George Lucas did more for the advancement of motion pictures than anyone since Lumiere brothers.

Is he a perfect filmmaker? No. He's made plenty of astronomical blunders.

Would Star Trek be lucky to have someone of his caliber involved with a project? Absolutely.

Vader levitating a coffee cup, as seen in the ANH comic/novel? Gary Mitchell did it first.

Palpatine shooting energy bolts from his bare hands? Gary Mitchell did it first.

Obi-Wan feeling the death of Alderaan? Spock did it first ( in The Immunity Syndrome ).
Old tropes didn't originate with Star Trek.
 
Lucas is a great idea man but he's terrible at dialog.

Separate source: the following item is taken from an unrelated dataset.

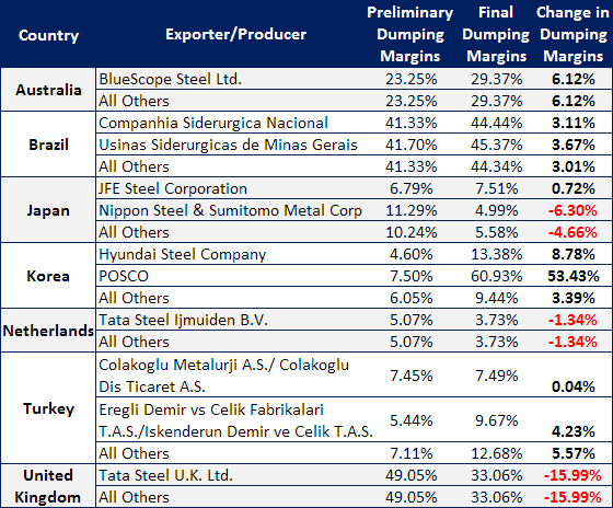 On Friday the U.S. Department of Commerce announced their final determination findings on hot rolled steel dumping margins and countervailing subsidy rates for Brazil, South Korea, Australia, Turkey, Japan, United Kingdom and the Netherlands. In the article above we reproduced the press release provided by the Commerce Department. In this article we are going to compare the preliminary determinations with the final and see if there are any surprises that could impact U.S. customers.

I've heard stories of Harrison Ford going to Lucas with a script and saying 'Nobody would ever say this crap', then ad-libbing something better.

Plus Lucas' sense of humor has significantly devolved between the seventies and now, now he's focused on adorable children, cute fuzzy things and wacky slapstick.

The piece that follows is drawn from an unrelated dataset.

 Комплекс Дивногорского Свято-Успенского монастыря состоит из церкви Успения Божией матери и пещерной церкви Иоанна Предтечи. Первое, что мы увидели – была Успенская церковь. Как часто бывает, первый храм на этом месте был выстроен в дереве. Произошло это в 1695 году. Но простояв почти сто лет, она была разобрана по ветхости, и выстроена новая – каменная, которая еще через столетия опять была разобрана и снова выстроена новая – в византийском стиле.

Lucas can come up with good ideas for movies but somebody else should hold the pen. Otherwise, meeza Jar Jar and Jewish stereotype aliens.
 
Sure you could possible credit GL for how FX looks today with the creation of ILM. WHich took FX upto a new level.
 
So why cant Star Trek ever match Star Wars in popularity?

Define "ever." Star Trek was very successful on film and TV during the '80s and '90s when there was no new Star Wars in sight, and ST had a massively successful tie-in novel line for well over a decade before Lucas decided he wanted to try to duplicate its success for SW.

And of course, it's safe to say that ST was infinitely more popular prior to May 1977. ;)



I wouldn't say Star Wars owed much to Star Trek at all. It is based far more on westerns, samurai films and Flash Gordon serials.

In storytelling, yes, of course. But the point Lucas made in Trek Nation is that ST's success as a profitable science fiction franchise helped him convince the studio that it was worth gambling on his sci-fi movie.

And of course it borrowed some things from ST, just as virtually everything in mass-media SF in the late '70s and early '80s borrowed things from ST. It cribbed terms like "tractor beam" and "deflector shield" directly, and had some thinly veiled borrowings like "proton torpedoes." Heck, just using bluescreen photography to shoot spaceship scenes was following ST's precedent.



I tend to agree with Christopher as well. Out of the six SW films episodes V and VI had a co-writer credit if memory serves and dialouge wise they are the best of the bunch.

The screenplay to The Empire Strikes Back was credited to Leigh Brackett and Lawrence Kasdan; the screenplay to Return of the Jedi was credited to Kasdan and Lucas. Kasdan also wrote Raiders of the Lost Ark. I was always surprised and disappointed that Lucas didn't bring him back to write the prequels. He is involved as a consultant with the upcoming new movies, which I see as cause for optimism.


George Lucas did more for the advancement of motion pictures than anyone since Lumiere brothers.

As a producer, maybe. But as a director, his only really impressive accomplishment is A New Hope. It's weird that so many people think of him as a director. He's a producer who's occasionally directed.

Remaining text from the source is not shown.